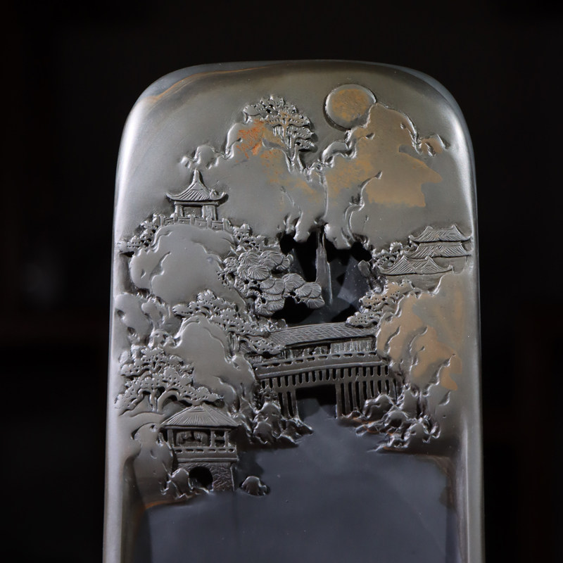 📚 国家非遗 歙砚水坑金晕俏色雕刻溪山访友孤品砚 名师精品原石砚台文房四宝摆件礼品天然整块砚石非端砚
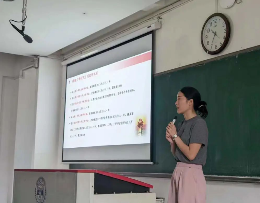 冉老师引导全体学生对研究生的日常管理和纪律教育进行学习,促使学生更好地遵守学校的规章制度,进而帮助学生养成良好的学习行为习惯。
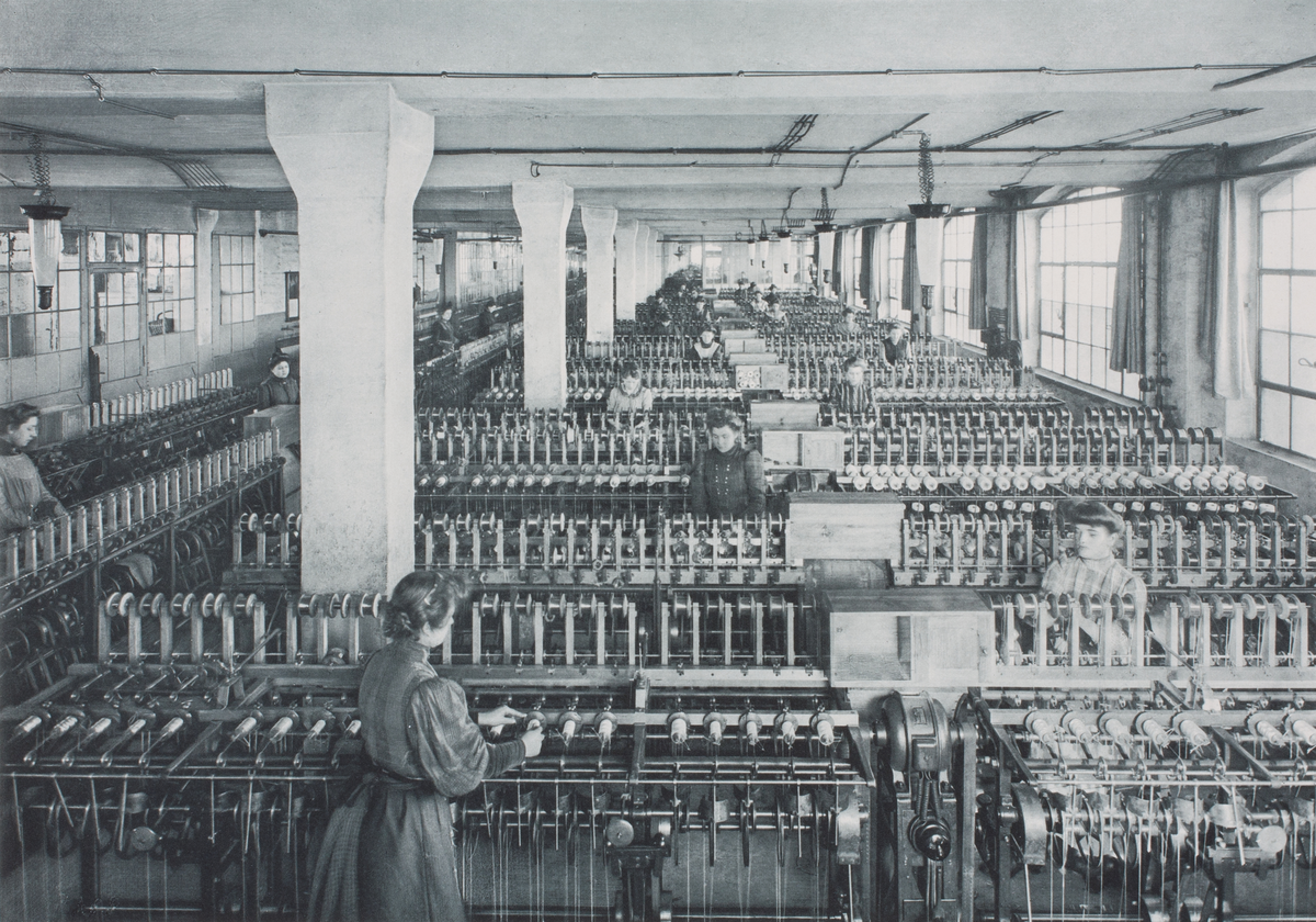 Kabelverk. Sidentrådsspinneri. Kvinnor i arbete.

************

* Directions:
Everything above should be given again exactly, apart from the pictures.

* Response to this exercise:
 📚 国家非遗 歙砚水坑金晕俏色雕刻溪山访友孤品砚 名师精品原石砚台文房四宝摆件礼品天然整块砚石非端砚
 冉老师引导全体学生对研究生的日常管理和纪律教育进行学习,促使学生更好地遵守学校的规章制度,进而帮助学生养成良好的学习行为习惯。
 Kabelverk. Sidentrådsspinneri. Kvinnor i arbete.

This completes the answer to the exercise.